-------- RECORD EXCERPTS

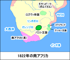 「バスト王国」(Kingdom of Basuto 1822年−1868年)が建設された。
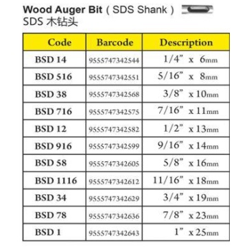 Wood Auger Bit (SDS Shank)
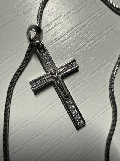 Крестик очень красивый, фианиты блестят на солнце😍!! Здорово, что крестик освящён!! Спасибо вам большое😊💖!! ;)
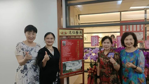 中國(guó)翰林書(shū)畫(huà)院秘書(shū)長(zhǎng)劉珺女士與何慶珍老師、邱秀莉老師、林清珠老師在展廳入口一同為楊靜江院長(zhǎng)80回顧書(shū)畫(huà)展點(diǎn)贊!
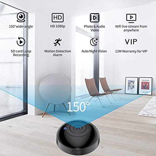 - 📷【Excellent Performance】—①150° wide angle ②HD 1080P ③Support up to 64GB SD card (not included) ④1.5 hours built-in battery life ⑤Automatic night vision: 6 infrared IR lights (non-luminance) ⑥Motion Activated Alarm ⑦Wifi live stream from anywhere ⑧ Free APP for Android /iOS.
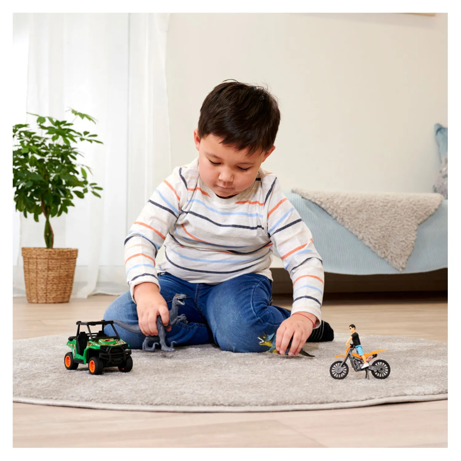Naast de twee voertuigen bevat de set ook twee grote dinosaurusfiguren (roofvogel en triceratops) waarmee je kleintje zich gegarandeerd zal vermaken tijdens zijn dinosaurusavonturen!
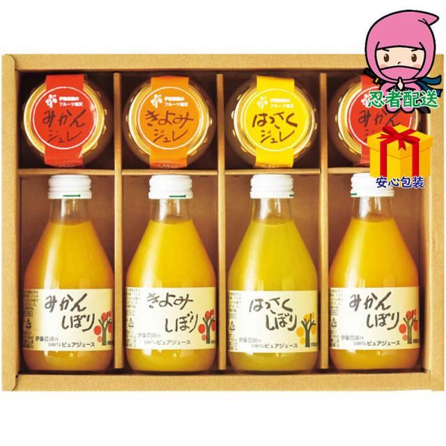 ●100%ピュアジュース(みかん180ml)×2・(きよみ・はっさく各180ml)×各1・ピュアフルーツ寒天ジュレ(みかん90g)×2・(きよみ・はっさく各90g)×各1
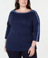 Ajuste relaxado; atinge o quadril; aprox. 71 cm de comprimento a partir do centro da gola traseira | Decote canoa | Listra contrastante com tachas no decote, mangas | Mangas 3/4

----------------

-- REQUIRED ACTION --
Of the records above, print only the lines from the one containing "Крестик очень красивый, фианиты" through the one containing "中國(guó)翰林書(shū", inclusive and unaltered, leaving out pictures.

-- SOLVED PROBLEM --
 Крестик очень красивый, фианиты блестят на солнце😍!! Здорово, что крестик освящён!! Спасибо вам большое😊💖!! ;)
 中國(guó)翰林書(shū)畫(huà)院秘書(shū)長(zhǎng)劉珺女士與何慶珍老師、邱秀莉老師、林清珠老師在展廳入口一同為楊靜江院長(zhǎng)80回顧書(shū)畫(huà)展點(diǎn)贊!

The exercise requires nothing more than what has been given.